_Action item_
Please give all of the data again, character for character, and drop the pictures.

_Collected material_
-- Opening Marker --

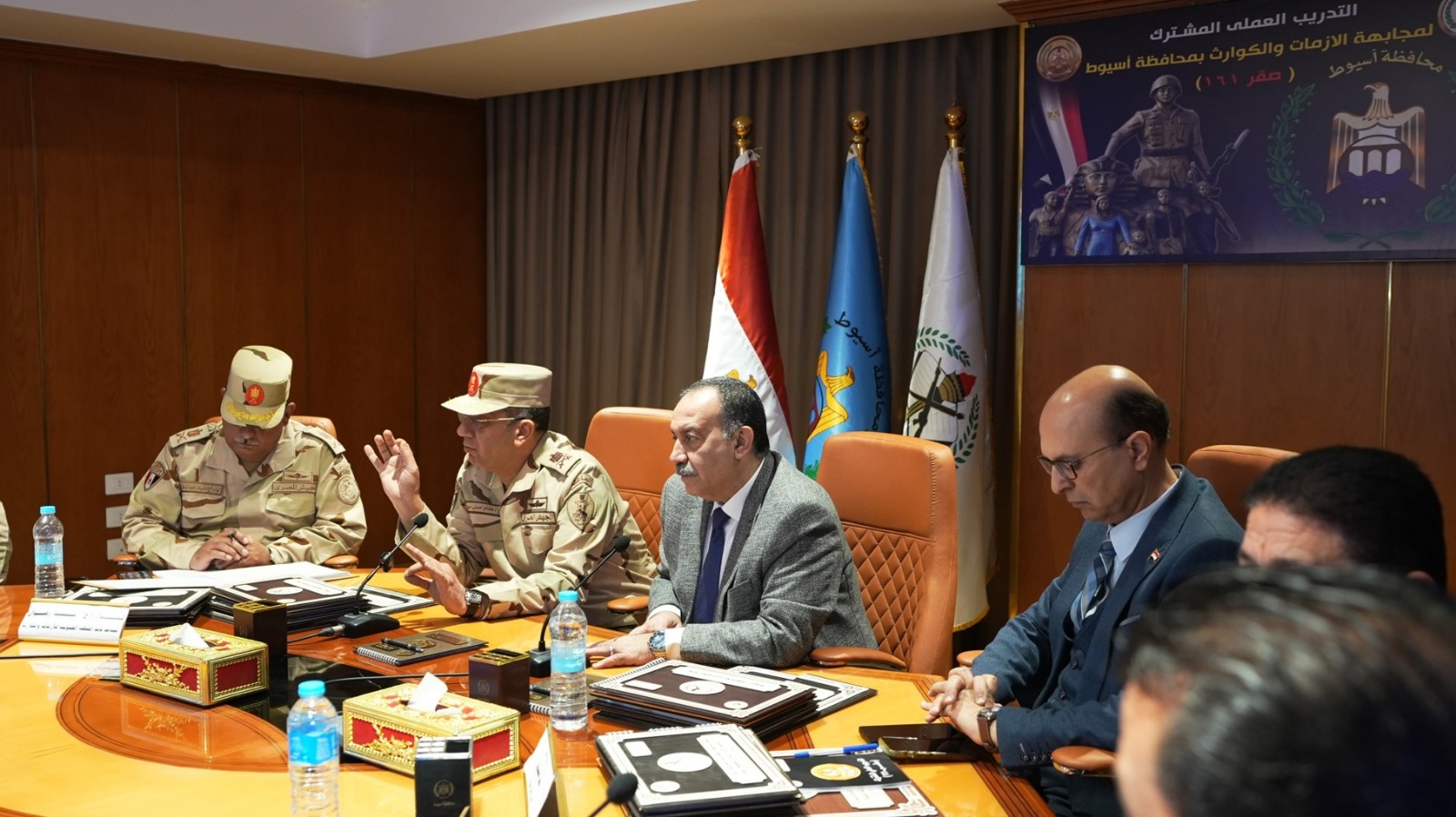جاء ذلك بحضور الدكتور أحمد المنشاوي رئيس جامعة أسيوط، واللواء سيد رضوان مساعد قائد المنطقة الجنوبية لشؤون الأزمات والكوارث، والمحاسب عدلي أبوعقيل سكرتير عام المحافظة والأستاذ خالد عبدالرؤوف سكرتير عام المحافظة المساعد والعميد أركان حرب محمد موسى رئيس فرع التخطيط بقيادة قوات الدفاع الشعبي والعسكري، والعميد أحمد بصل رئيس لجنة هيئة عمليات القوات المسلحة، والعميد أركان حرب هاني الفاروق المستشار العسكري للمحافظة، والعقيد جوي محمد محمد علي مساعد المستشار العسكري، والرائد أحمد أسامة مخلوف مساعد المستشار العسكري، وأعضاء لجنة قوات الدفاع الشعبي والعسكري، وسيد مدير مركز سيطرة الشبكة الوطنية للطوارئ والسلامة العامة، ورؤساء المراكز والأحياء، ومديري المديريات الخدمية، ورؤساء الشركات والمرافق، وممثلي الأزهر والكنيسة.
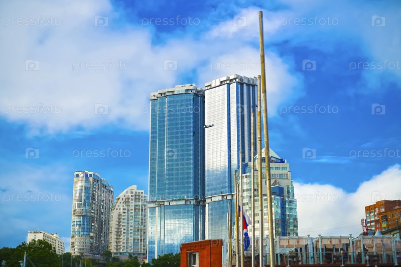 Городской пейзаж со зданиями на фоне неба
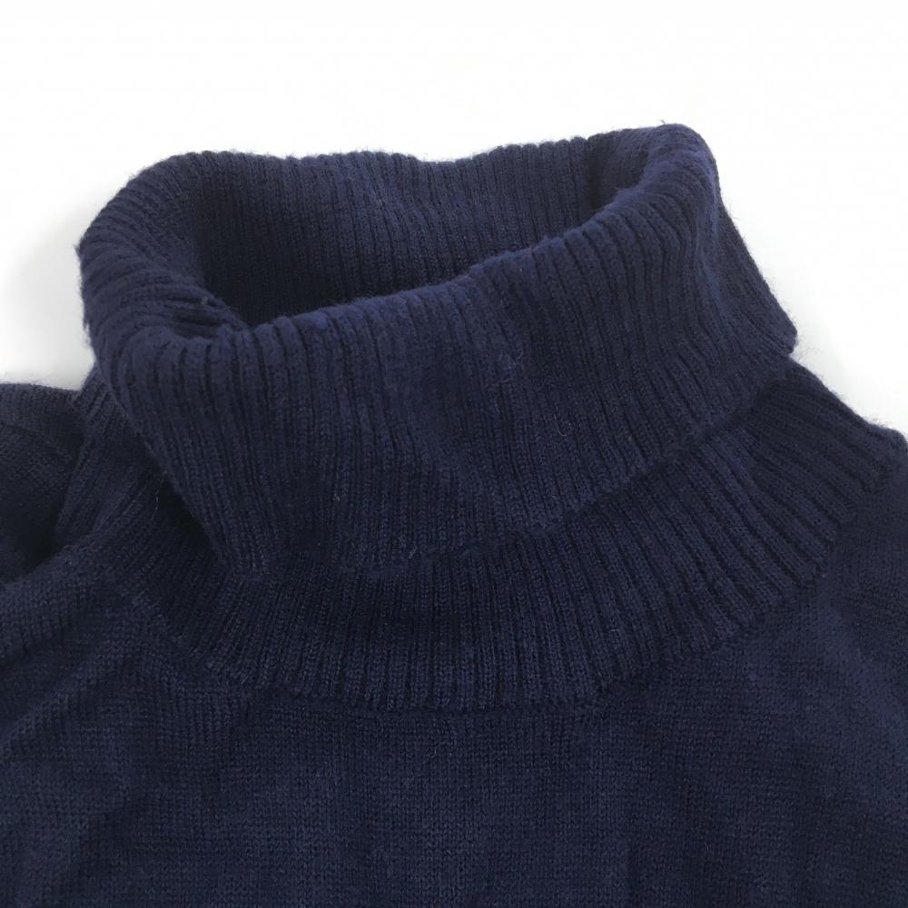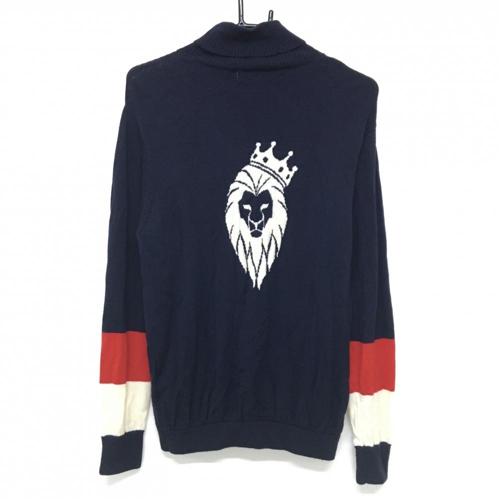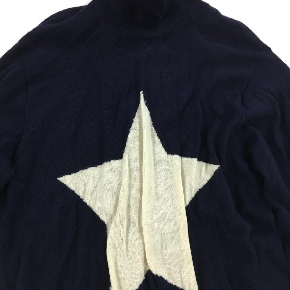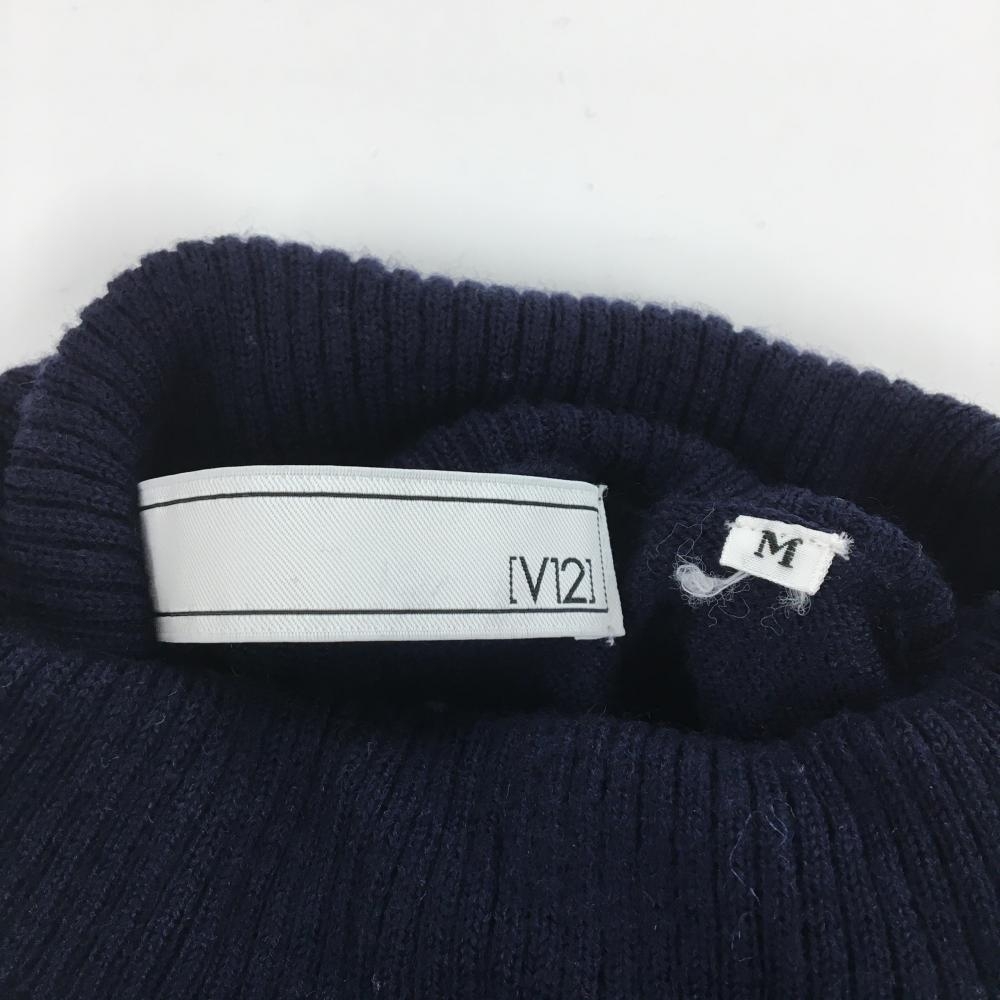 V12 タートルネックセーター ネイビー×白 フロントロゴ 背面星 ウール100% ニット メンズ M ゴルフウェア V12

-- Closing Marker --

_Exercise answer_
جاء ذلك بحضور الدكتور أحمد المنشاوي رئيس جامعة أسيوط، واللواء سيد رضوان مساعد قائد المنطقة الجنوبية لشؤون الأزمات والكوارث، والمحاسب عدلي أبوعقيل سكرتير عام المحافظة والأستاذ خالد عبدالرؤوف سكرتير عام المحافظة المساعد والعميد أركان حرب محمد موسى رئيس فرع التخطيط بقيادة قوات الدفاع الشعبي والعسكري، والعميد أحمد بصل رئيس لجنة هيئة عمليات القوات المسلحة، والعميد أركان حرب هاني الفاروق المستشار العسكري للمحافظة، والعقيد جوي محمد محمد علي مساعد المستشار العسكري، والرائد أحمد أسامة مخلوف مساعد المستشار العسكري، وأعضاء لجنة قوات الدفاع الشعبي والعسكري، وسيد مدير مركز سيطرة الشبكة الوطنية للطوارئ والسلامة العامة، ورؤساء المراكز والأحياء، ومديري المديريات الخدمية، ورؤساء الشركات والمرافق، وممثلي الأزهر والكنيسة.
 Городской пейзаж со зданиями на фоне неба
 V12 タートルネックセーター ネイビー×白 フロントロゴ 背面星 ウール100% ニット メンズ M ゴルフウェア V12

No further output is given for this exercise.